Grexit, the IMF and Merkel: 3 reasons to sell the EUR


The EUR's behavior these last two months,  has not been for the faint of heart, as the pair has been moving back and forth in an almost 700 pips range, with wide intraday ranges and spikes of extreme volatility. The faith on the pair rests in two troubled legs, a US FED's rate hike, and the possibility of a Grexit.

When it comes to the first, the tepid growth of the US during the Q1 have affected investor's hopes of a strong economic policy tightening for this 2015, although an uptick in inflation in May, and a shockingly positive US Nonfarm Payroll report, have lifted back at least part of those hopes. And while the FED's upcoming move has gathered most of the market attention since the year started, such attention has turned now to Europe, and a probable Greek debt default.


Grexit

The word "Grexit" appeared some years ago, when the country, along with other minor European economies, suffered severe economic woes, and needed to implement several economic reforms -also called, austerity measures- in order to get economic help, or bailouts, from the EU, the IMF and the ECB, better known as the Troika. And whilst most of those economies have been suffering, but improving, Greece has been always in the spotlight, always in the verge of a default, always ready to leave the Union. 

This story is pretty boring, since it has been making the rounds for at least three years. But something changed in between: 4 months ago, a well known anti-austerity party, Syriza, won the elections, and  took several steps to revert those austerity measures implemented a few years ago. In the meantime ,the bailout agreement ended, and the most the creditors could do, was extend the bailout until the end of June. With those new measures, Prime Minister Alexis Tsipras has broke the terms of the bailout, and these past four months, have been all about re-negotiating the conditions of the agreement.  Spikes of optimism over a fresh deal, were short lived, with enough jawboning and headlines to fill a book.

What changed, (yes! another!) is that Greece have already run out of money, and the IMF gave up on negotiating with the country.


The IMF

Greece was due to pay €300 million to the IMF on June 5th, the first out of a total amount due to the organism this month of  €1.6 billion. A day before, Greece announced a deal was almost done, and that they will delay the all of the maturities to the end of June. That was not that bad, until this Wednesday, when the IMF negotiating team left Brussels announcing they are still at square one on a debt deal. Gerry Rice, spokesman of the IMF said: "“The ball is very much in Greece’s court,” and that  “there are major differences between us in most key areas." All hell broke loose after that, and here we are, speculating again on the possibility of a Grexit. Is it possible? For many months, I believed that the EU and the ECB would do almost anything to keep the country in the region, to avoid the domino effect and the loss of confidence in the Union.  But that picture did not included the stubbornness of the current government, who is not willing to give up an inch and seems more willing to lose it all, than to reach a deal. Success depends largely on Tsipras making concessions. And he is not willing to make one. 


Angela Merkel

And if all the above was not enough, German Chancellor Angela Merkel, has chosen this Friday to down talk the EUR´s strength, by saying a strong currency is not helpful for the peripheral countries which have implemented economic reforms such as Spain and Portugal. Furthermore, the iron frau is said to be preparing  for  a Grexit, and to have put a team of economic experts and bankers to draw up an emergency plan to try to minimize the effects of a Greece default and exit from the EU, over the German economy. 
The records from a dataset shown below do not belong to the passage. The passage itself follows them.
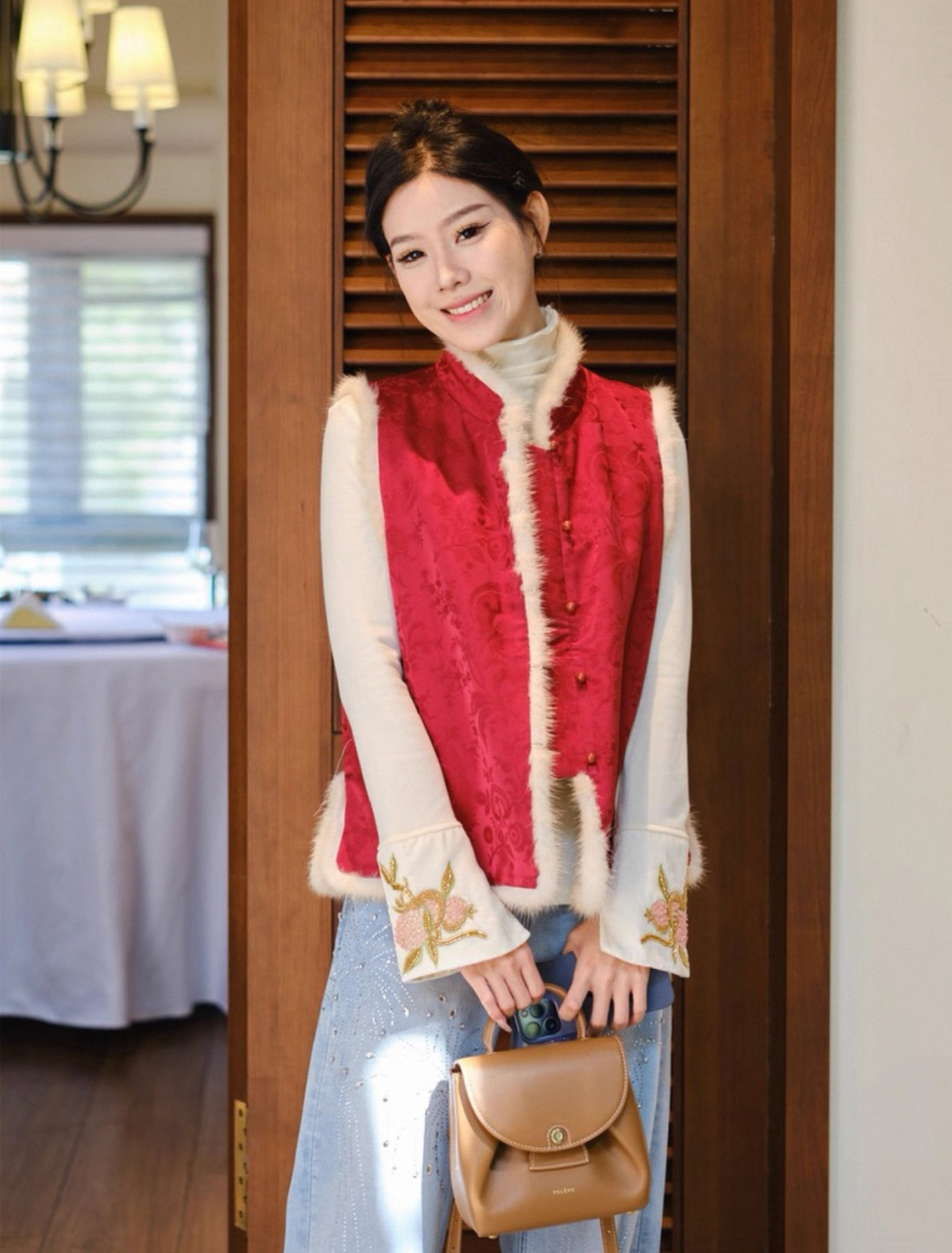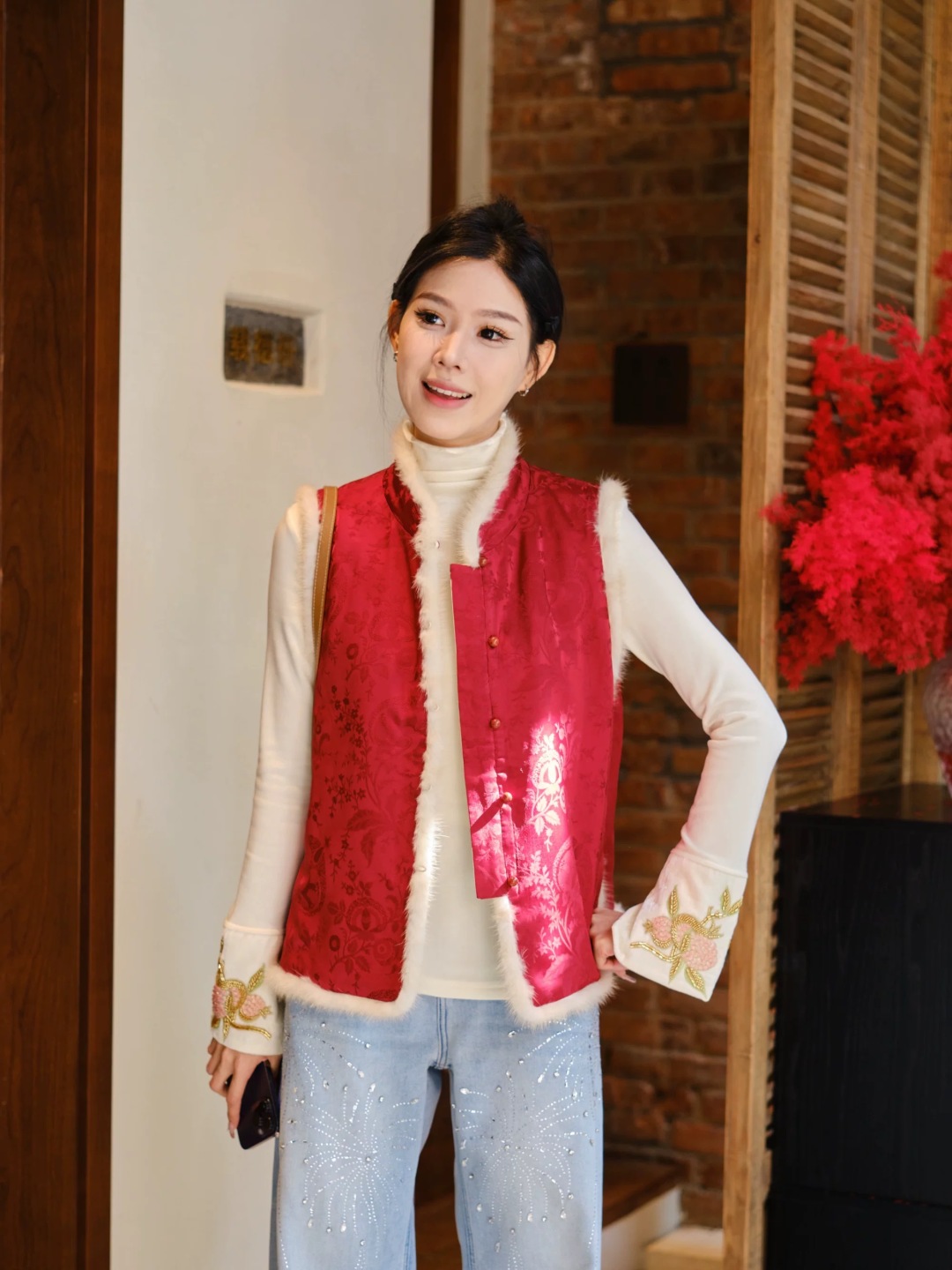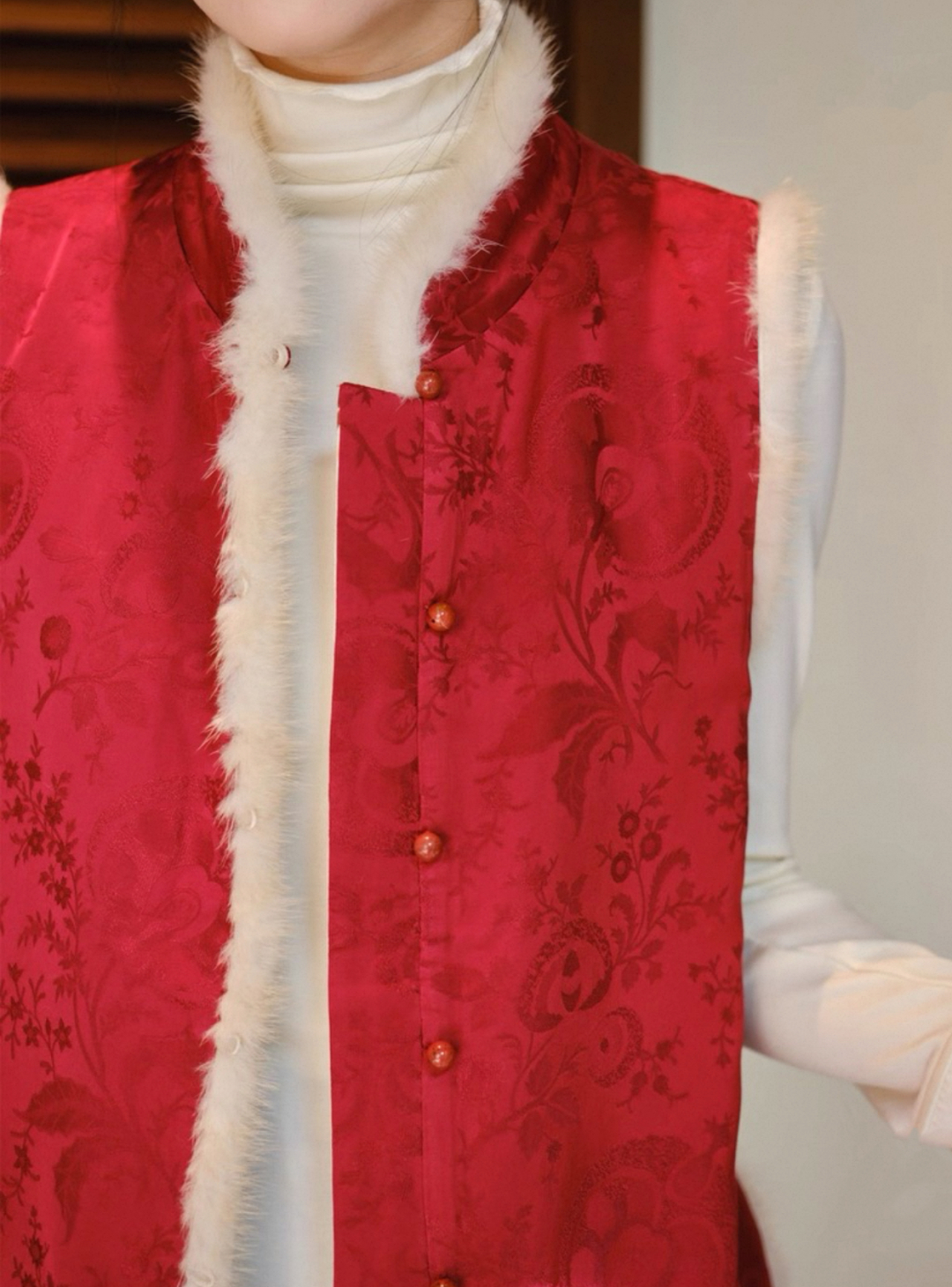 Elegant, vintage-inspired reversible vest featuring silk jacquard, mink fur trim, & quilted cotton. Perfect for layering with a Chinese-inspired aesthetic.
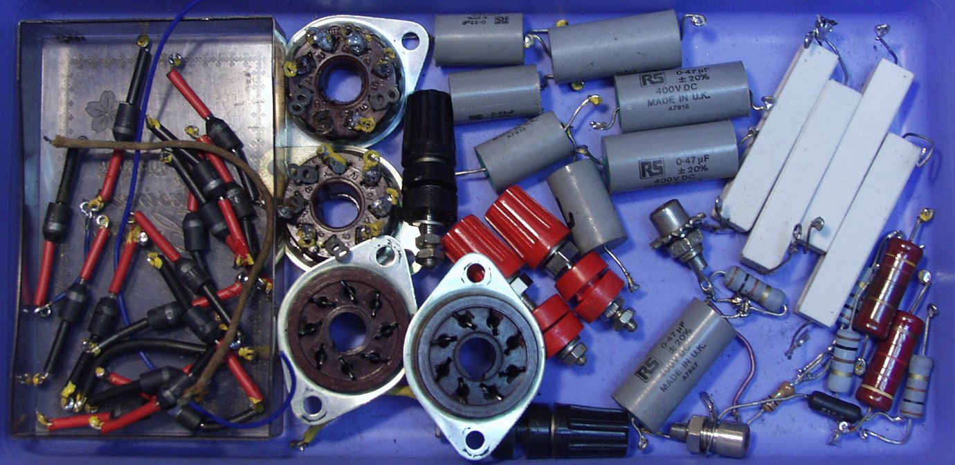 | A−8.修理前 熱で劣化しているKT−88のソケット、中は交換するステアタイト(磁器)製 |
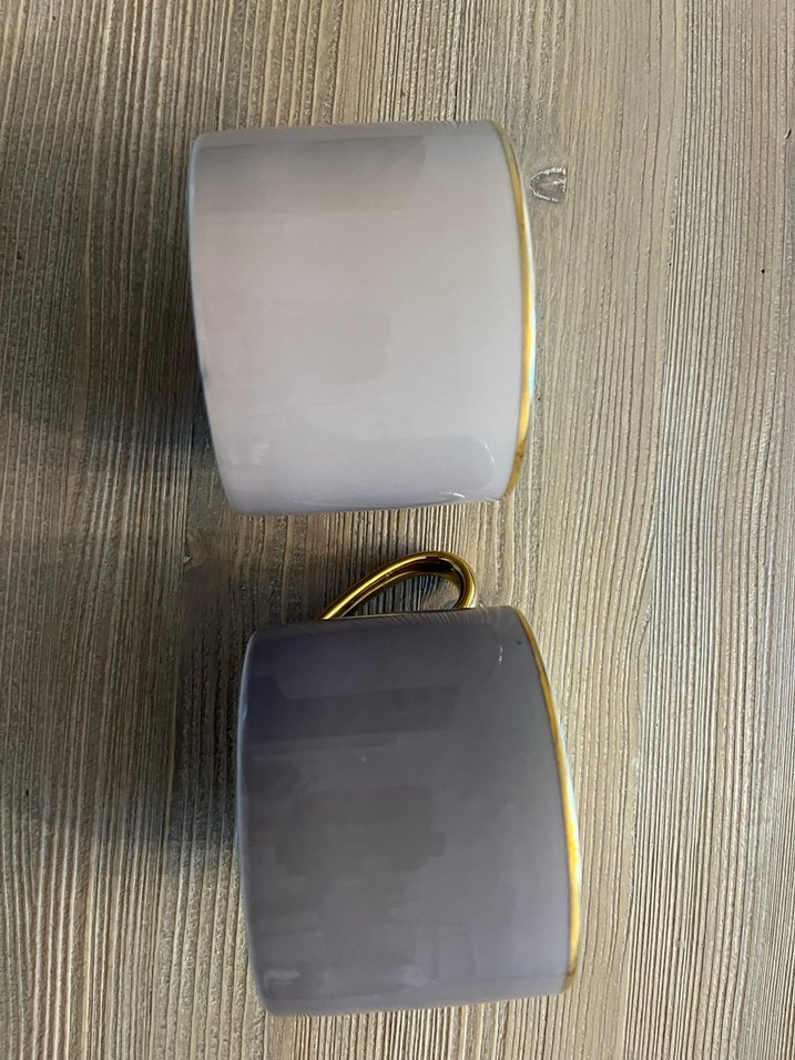 Altın detaylı kulplara ve kenarlara sahip, gri tonlarında iki seramik fincan seti. ☕

Both, Merkel and the French President Francois Hollande had spent countless hours speaking with Greek Prime Minister Alexis Tsipras, but seems that at this point, everyone is done with the lack of action. Either Greece lower its demands next week, or it will be left alone to face its fate.

There may be some ones that think that if Greece leaves, it would be finally a relief for the EU, and in fact could be, in the long run. But the immediate effect will be chaotic for Europe, with bank runs and huge losses for the countries that lent Greece money. Worse, the world will likely give its back to Europe, financial and commercially, and the EUR/USD can sink even below parity. Still, the month have eighteen days' left. Eighteen days more, for good or bad, to put an end to  the Greek drama.